Grigson has a boatload of unrestricted free agents to make decisions on, including rush end Dwight Freeney, wide receivers Donnie Avery and Austin Collie, cornerback Jerraud Powers, defensive tackle Fili Moala, offensive lineman Winston Justice, punter Pat McAfee and quarterback Drew Stanton.
The Colts have a lot of salary cap space to work with, but how much of that will go toward the above players or some others on the market?
For sentimental reasons, it'd be nice to have Freeney finish his career in Indianapolis. To learn how much sentimentality plays a part, see: Manning, Peyton.
Chances are Freeney is done with the Colts, and he seems relatively at peace with the idea. Of course, maybe that's the result of watching so many former teammates move out and move on.
“We'll figure that out, I guess, coming up soon,” Freeney said Sunday. “They'll contact whoever they have to contact, and we'll see what it is.”
Collie's history of injury surely means his time has passed in Indy. Avery's a tougher call. He isn't an elite receiver on par with Wayne (not many are) and he drops some passes, but he has been healthy for the first time and shows promise. I'd say it depends on the price. Rookie LaVon Brazill is there to push for playing time. Wayne and Hilton should be 1-2. I have no problem with Hilton's occasional drops. He was a rookie.
Of more concern is the offensive line, where injuries hit and inconsistency prevailed. Second-year left tackle Anthony Castonzo was solid, but still growing. Joe Reitz, when healthy, was effective. Same with Justice. The rest of the line seemed so-so at best. Luck was sacked 44 times (counting three by the Ravens). He was hit every seven minutes or so. He's tough and durable, but needs better protection.
Davis seemed like a great pickup at cornerback, and Antoine Bethea will be back as a quality safety. The rest is up in the air. New faces will be brought in to challenge. Whether Powers is retained seems 50-50 on the surface.
McAfee's a great punter and a fun personality, but this comes down to the Colts' willingness to pay. I believe punters are worth more money than most people do. Teams realize how much they're worth when they have a bad one. They should find a way to keep him.

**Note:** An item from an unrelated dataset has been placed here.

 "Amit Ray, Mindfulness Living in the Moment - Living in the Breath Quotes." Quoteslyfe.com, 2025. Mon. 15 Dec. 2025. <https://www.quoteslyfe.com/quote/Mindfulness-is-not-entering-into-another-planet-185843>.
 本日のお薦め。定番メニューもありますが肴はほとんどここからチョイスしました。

The Colts coaching staff likes former Norwell quarterback Chandler Harnish, who spent most of the season on the practice squad. Maybe they let Stanton leave to pursue a starting job and give Harnish the chance to win the No.2 spot. Luck's durability suggests he'll give up snaps about as often as Manning did, so a backup's work is destined to be behind the scenes.
The Colts were 11-5 in the regular season. Their schedule will be tougher next season. (Is anyone eager for the Broncos' visit to Lucas Oil Stadium?) But so many of those key young players will be stronger and more NFL-wise a year from now.

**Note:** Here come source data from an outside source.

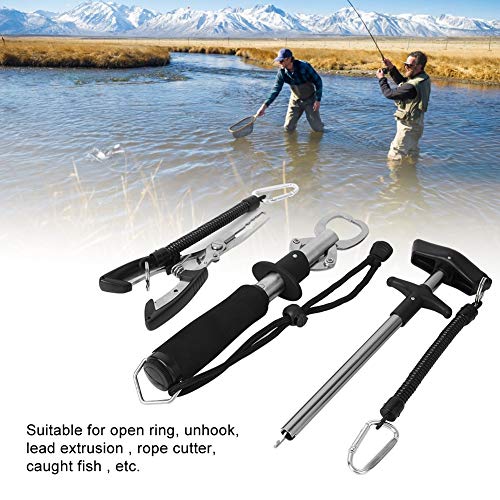 Questo prodotto include 1 pinza da pesca media + un grande dispositivo di rimozione dell'amo da pesca + pinza da pesca, adatta per anello aperto, sganciamento, estrusione di piombo, tagliafune, pesce pescato, ecc.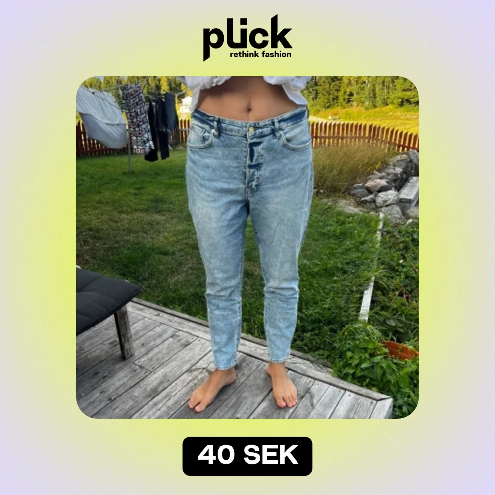 Blå mom jeans i stl 44. Använda men i bra skick.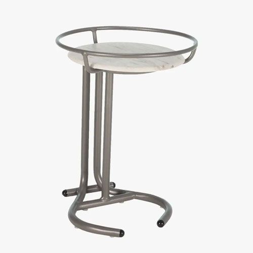 • Tabletops are made from a hybrid engineered stone, combining ground marble and quartz. This variegated, crushed stone composite material is stronger and more durable than natural stone, offering both resilience and a refined aesthetic.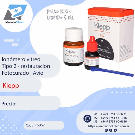 Ionómero vitreo Tipo 2 LC- restauración Fotocurado , Avío - Klepp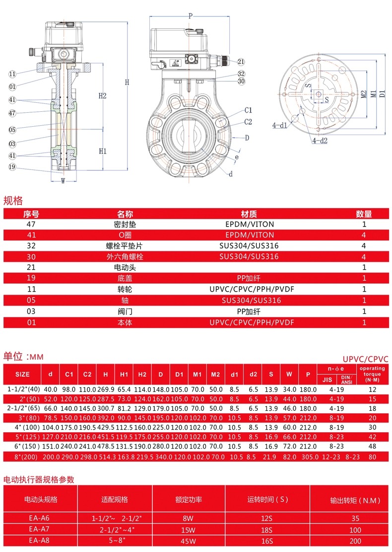 操作温度 | UPVC(5~55°C);PPH(5~95°C);CPVC(5~95°C);PVDF(-20~120°C) | ||
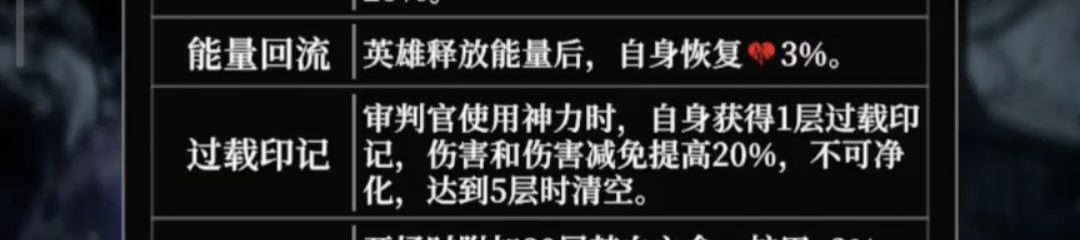 4.(重要)过载印记的层数利用,前两次神力我们只在大部分角色快使用技能时使用【黯蚀血咒】,到了第三个血咒能量满时,经过我们对亲王回能的极致把控,刚好最新的分身上场,此时先用血咒,然后同时给分身与莫拉上狂热,打一波boss没有免伤的爆发(5层清空)。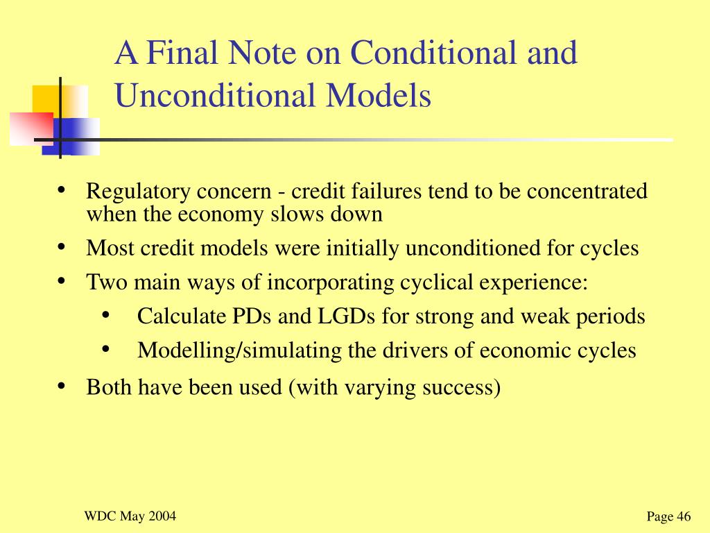 A Final Note on Conditional and Unconditional Models • Regulatory concern - credit failures tend to be concentrated when the economy slows down • Most credit models were initially unconditioned for cycles • Two main ways of incorporating cyclical experience: • Calculate PDs and LGDs for strong and weak periods • Modelling/simulating the drivers of economic cycles • Both have been used (with varying success)

“Hopefully, we can take this season and learn from it, good and bad,” Wayne said. “We're such a young team, we got the feel of it. We got what a playoff game feels like, especially on the road. So we can use this as a learning tool and we'll have that bad taste in our mouth this offseason. Hopefully, we can capitalize on that.”

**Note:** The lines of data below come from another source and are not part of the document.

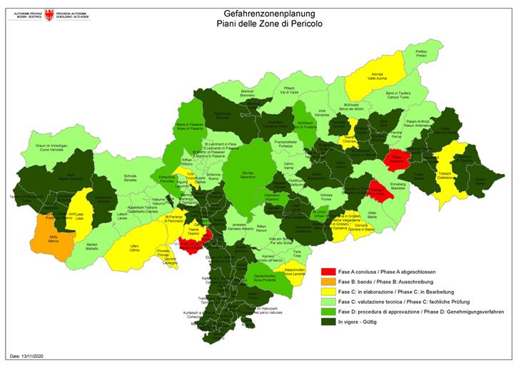 - La cartina con i Comuni e lo stato del rispettivo Piano delle zone di pericolo al novembre 2020. (Foto: ASP/Ripartizione sviluppo territorio e paesaggio) [JPG 54 KB]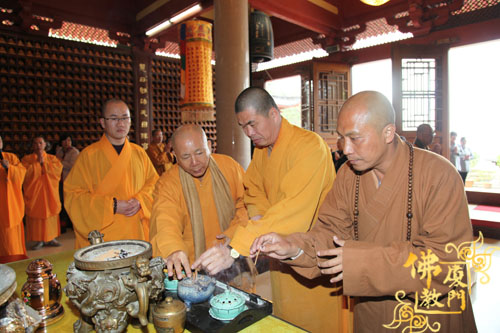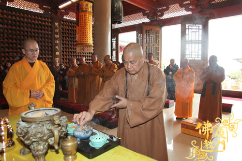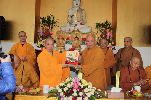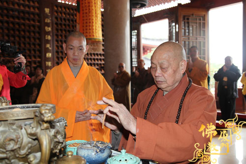 上午9点,市佛协副秘书长、太平岩寺住持世澄法师在植物园门口热情迎接心茂大和尚一行,心茂大和尚在太平岩寺山门口拈香后,在世澄法师的陪同下到大雄宝殿礼佛。随后,在太平岩寺讲堂座谈交流。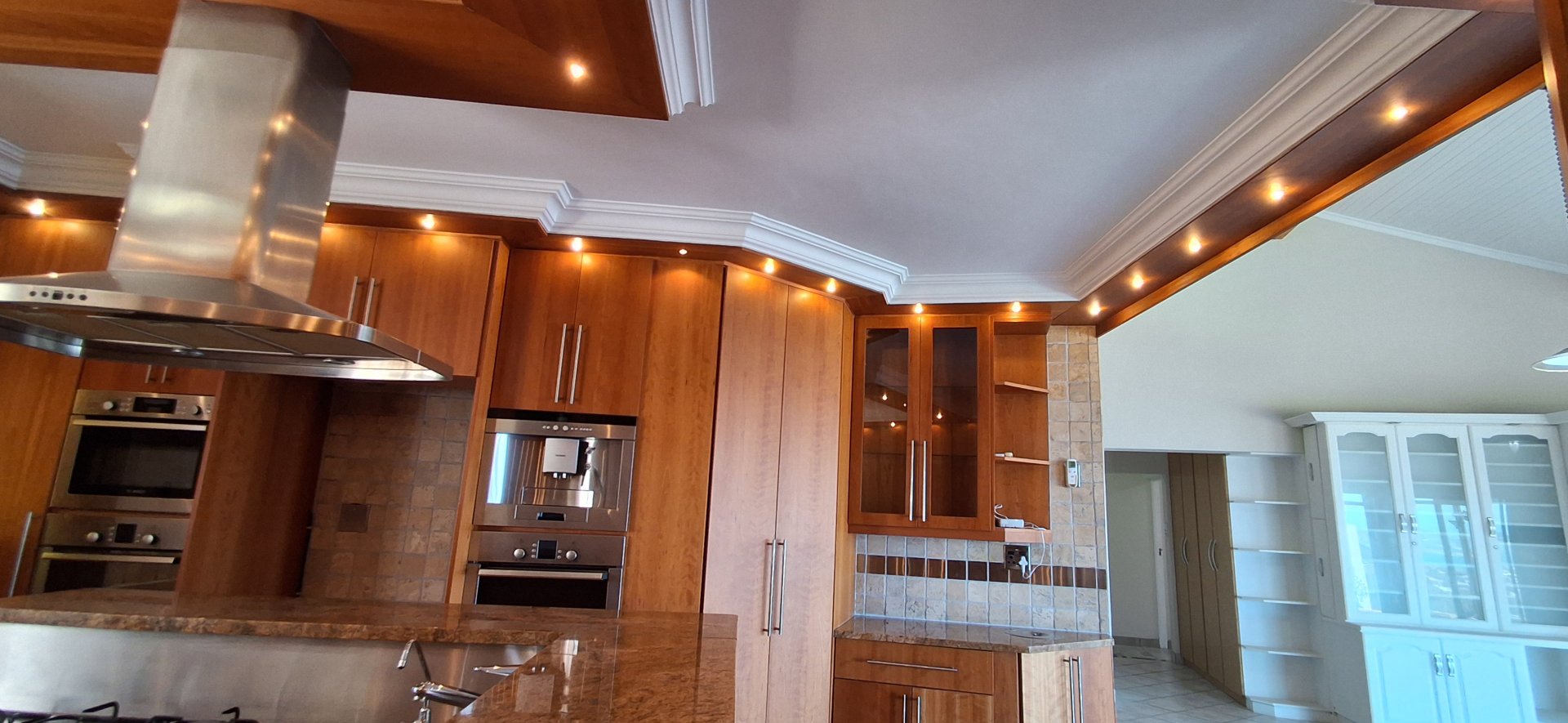 The expansive open-plan living areas flow seamlessly into a kitchen that would satisfy the most discerning chef. Thoughtfully equipped for large-scale hosting, the culinary space features: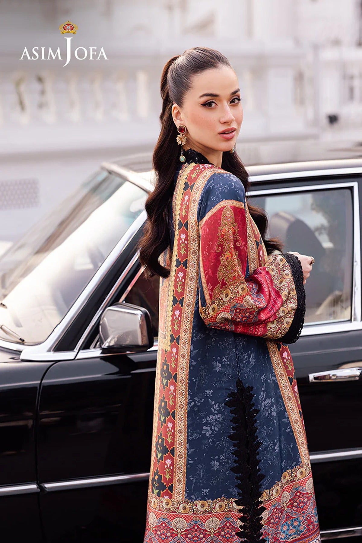 Bold and captivating, this black outfit is a canvas of uniqueness with its bohemian inspired print. The digitally printed shirt features beautifully embroidered neckline adding a touch of elegance, while the detailed embroidery on the sleeves and borders enhances its luxurious appeal. Paired with a digitally printed silk dupatta that drapes like a shadow of refined grace, this outfit is a flawless blend of dramatic charm and versatile style for both formal and casual events.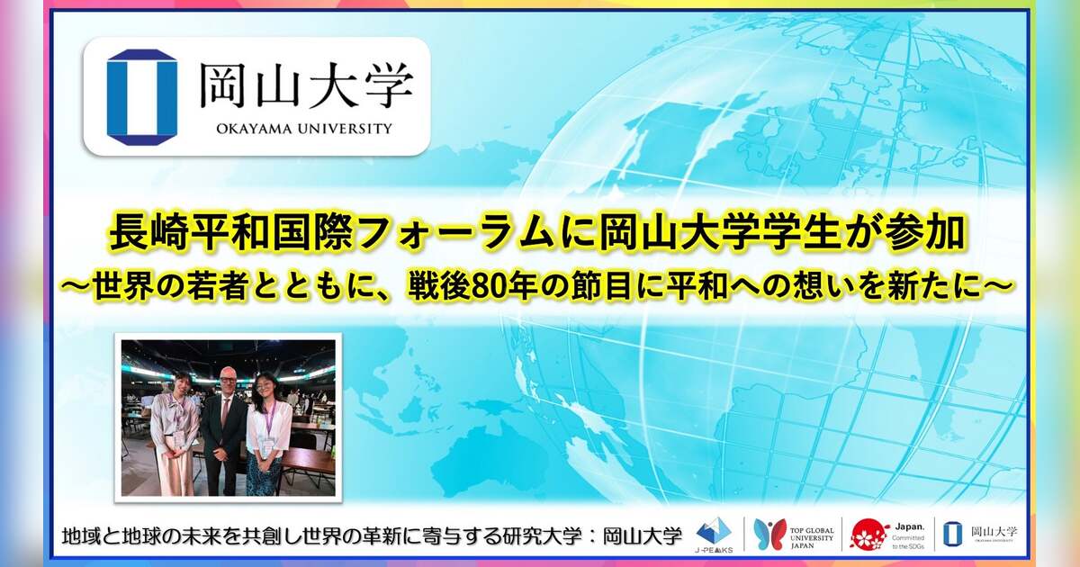 国立大学法人岡山大学(本部:岡山市北区、学長:那須保友)は、2025年5月16~18日に長崎県で開催された国際フォーラム「Nagasaki Peace-Preneur Forum powered by One Young World 2025」に、本学から田中聖愛さん(教育学部3年)、Chok Jia Xuanさん(グローバル・ディスカバリー・プログラム(GDP)4年)が参加しました。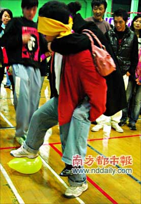 這位健壯的男士被蒙上眼睛,身上背著一位纖弱文靜的女士快速往終點沖去,途中,他輕松地越過一張椅子、接著踩爆路上一個氣球,最后到終點把地上的一朵玫瑰撿起來并送給拍檔,20米的距離不超過2分鐘就完成了!拔覀兘裉斓谝淮我娒,第一次合作,第一次就拿了第一!”背著搭檔劉小姐,小梁興奮地對記者說,他們前一天晚上才在網上認識對方,聊著覺得感覺不錯就過來參加活動。“想不到我們默契那么好!對以后的發展蠻有信心的。”劉小姐紅著臉,喜悅之情溢于言表。

The Colts must draft well again, without the luxury of the high first-round pick and no second-round pick (traded to the Dolphins for Davis).
Grigson will also likely deal with some coaching changes, particularly if offensive coordinator Bruce Arians lands a head-coaching job elsewhere. Grigson has shown a willingness to financially reward Arians to stay, but money might not make that decision. Arians has longed to be an NFL head coach, and his audition (9-3) with the Colts was a good one.
The Colts could be a better team next season and win fewer games.
Perhaps the only certainty is that the front office won't be complacent. “Build the Monster” was the theme. It's only a baby monster so far.